3. Second Impact occurred when humans tried to make a contact with Adam. Its awakening caused a massive explosion on Earth, and we know what happened afterwards. As for the Lance, it was accompanied together with the angels' arrival on the planet, so it was with Adam from the start (Lilith's was destroyed before it arrived).

4. First Impact was literally a collision between Earth and the Black Moon, which contains Lilith.

5. Yes, though technically it is just merging of humanity's souls into one rather than a literal impact of something that will kill humanity. Shinji and Asuka were the first to appear because of their strong will to live. Shinji was screwed up so yeah choking Asuka the first time she saw her wasn't really that surprising :p

6. You can say that Angels were aliens, or ancient life forms long before humans existed. Humans were Lilith's children after all.

7. Kaworu is basically the same with Rei in that he was created containing the seed of life, in this case he was fused with Adam's DNA. His sole purpose is to make contact with Lilith to start Third Impact, which SEELE wanted from the very beginning.

8. Yes. They believed that Adam should be the one who populated the Earth instead of Lilith, thus they believed humanity carries the original sin and needs to be purified by merging the souls into one with god.
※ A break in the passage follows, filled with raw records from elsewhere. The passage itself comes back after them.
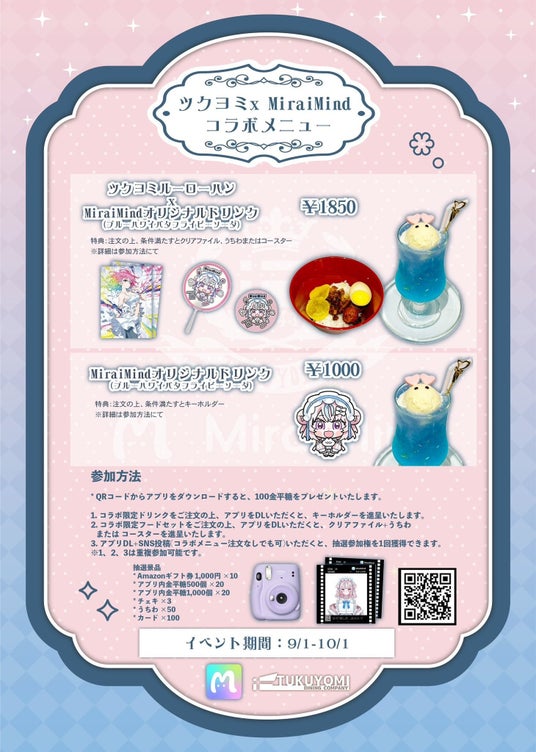 期間中は、ここでしか体験できない限定メニューやオリジナルグッズ、さらに豪華景品が当たる抽選企画を実施。MiraiMindのキャラクターとリアル空間で出会える特別な機会です。
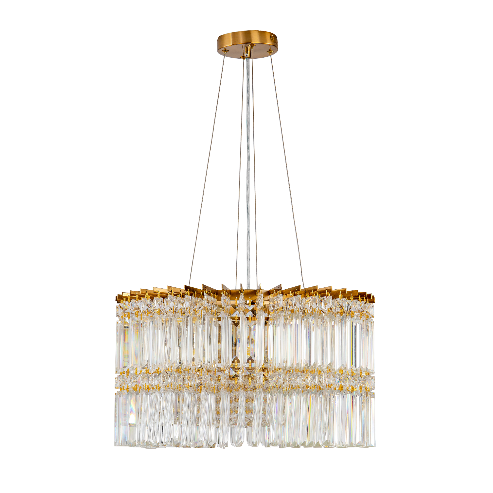 Подвесная люстра изготовлен из таких материалов как: Сталь, хрусталь. При окраске наших изделий используется порошковая краска, которая не имеет запаха так как технологи окраски осуществляются в печах для запекания при высокой температуре. Все элементы металлического цвета окрашиваются гальваническим способом и покрываются защитным слоем прозрачного лака.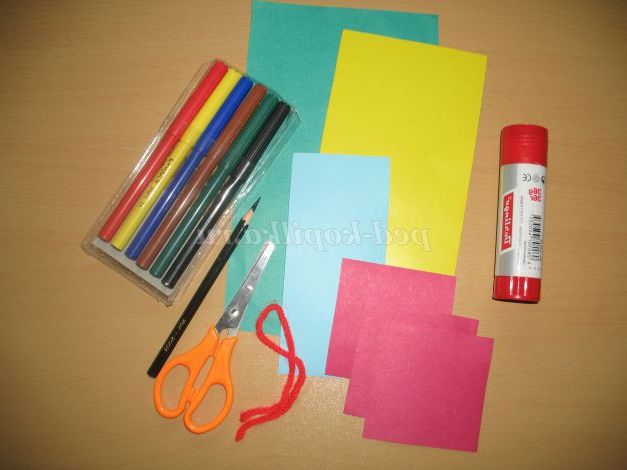 Для виготовлення поробки знадобиться: прямокутник з жовтого картону розміром 22х10 см, прямокутник з блакитного паперу розміром 4,5х14,5 см, три квадрата з малиновою (червоної) двосторонній паперу розміром 7,5х7,5 см, зелена папір, олівець, ножиці, клей-олівець, кольорова нитка або стрічка, фломастери.

9. He just wants to be merged with Yui. That's why he went along with everything.

10. Kanji was a double agent, so she became Nerv's, and Misato's, enemy. Though it is uncertain that Misato was the one who killed him.

11. There are already robots you know. They just aren't the cool badass ride-able form :p
 

ugly

Member
OP, it's too condensed and rushed to be able to stand up to the show. However, the first time I saw it at 14 or so, I literally got up and lay down in my lounge for like half an hour. It was intense af.